But TomTom’s ability to extend this advantage to the U.S. has run into intransigent U.S. carriers and existing players – AirSage and IntelliOne – that have already negotiated their own access to cellular hand-off data. This impasse is evidenced in the TomTom product plan which includes devices with “local” and “Euro-wide” data, but only a handful of models that merit a mention of U.S. data.


TomTom says its new campaign will eschew “ultra-low margin” products and price points and focus on mid-high segment products targeted at replacement buyers. The strategy appears to be an acknowledgement of two key issues:


#1 – PND/navi buyers are a unique breed and prone to replacement purchases. TomTom claims a high customer loyalty rate (80%) and clearly wants to win over Garmin customers.

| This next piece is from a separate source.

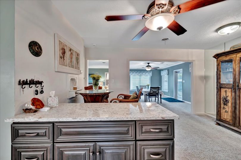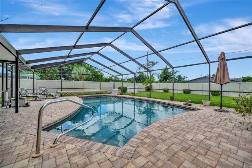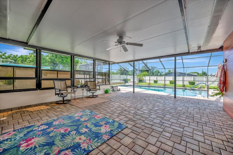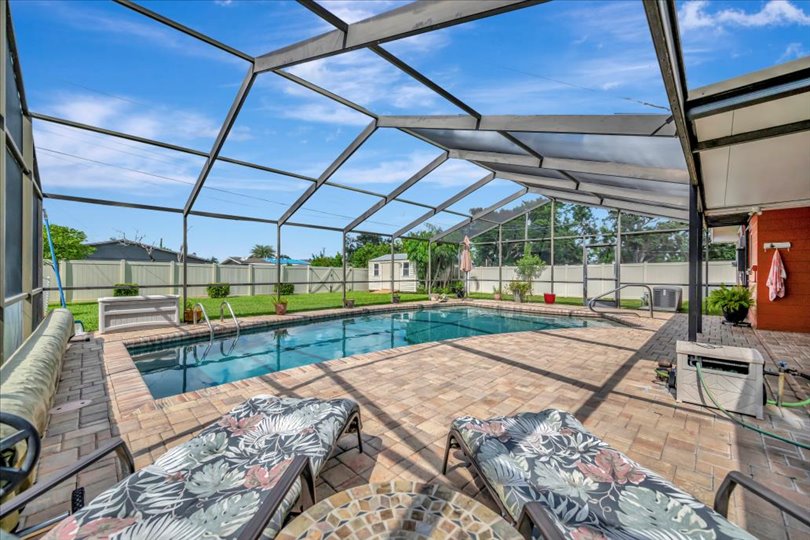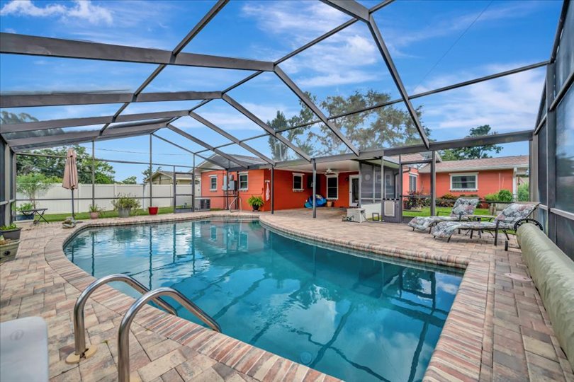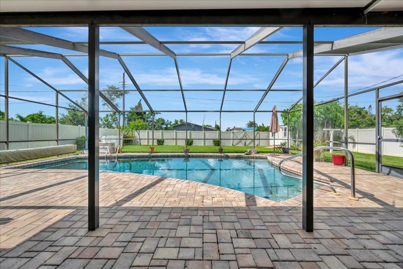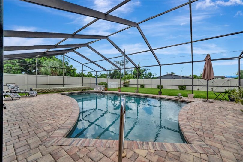 Enjoy true Florida living in this GORGEOUS 3-bedroom, 2-bathroom home situated on over a quarter-acre with countless upgrades inside and out. This home has been updated for both comfort and peace of mind, featuring a WHOLE-HOUSE GENERATOR (2024), HURRICANE SHUTTERS, NEWER ROOF (2022), A/C (2024), ENERGY-EFFICIENT WINDOWS (2019), and NEW PAVERS (2019). Step inside to discover the updated gourmet kitchen (2019), complete with modern finishes, granite countertops, sleek cabinetry, opening seamlessly to the formal dining room…great for entertaining! The split floor plan offers three spacious bedrooms providing privacy and comfort for family and guests. Relax year-round by the heated, caged-in pool with an updated pool pump (2018), and enjoy the HUGE paver patio… truly a fabulous retreat! Surrounded by lush landscaping, this property also features a garden, shed for extra storage, and an irrigation system supplied by a private well to keep everything green year-round. With lots of built in cabinets, the oversized 2-car garage offers tons of extra storage. Close to shopping, restaurants and the pristine beaches of Anna Maria Island. This is the perfect place to call home.

#2 – Most of the growth in navigation is coming from mobile/smartphone and embedded navigation customers.


Which brings us to the final “fly-in-the-ointment” for TomTom. TomTom’s own market survey’s show traffic as the single most popular application for navigation customers, a finding corroborated by Strategy Analytics studies. TomTom also acknowledges in its own research that Google Search is the second most popular application.


While TomTom has opened up its platform – via its implementation of the Webkit OS – and plans to open an application store, the company will eventually have to reckon with Google. TomTom has no answer to the bottomless pit of POI data resident within Google.


TomTom’s community-based approach to map updates and POI data is a powerful answer to the strategies of OpenStreetMaps and Waze. But unless TomTom can find a POI or search partner to counter Google its bold new marketing campaign may come to naught.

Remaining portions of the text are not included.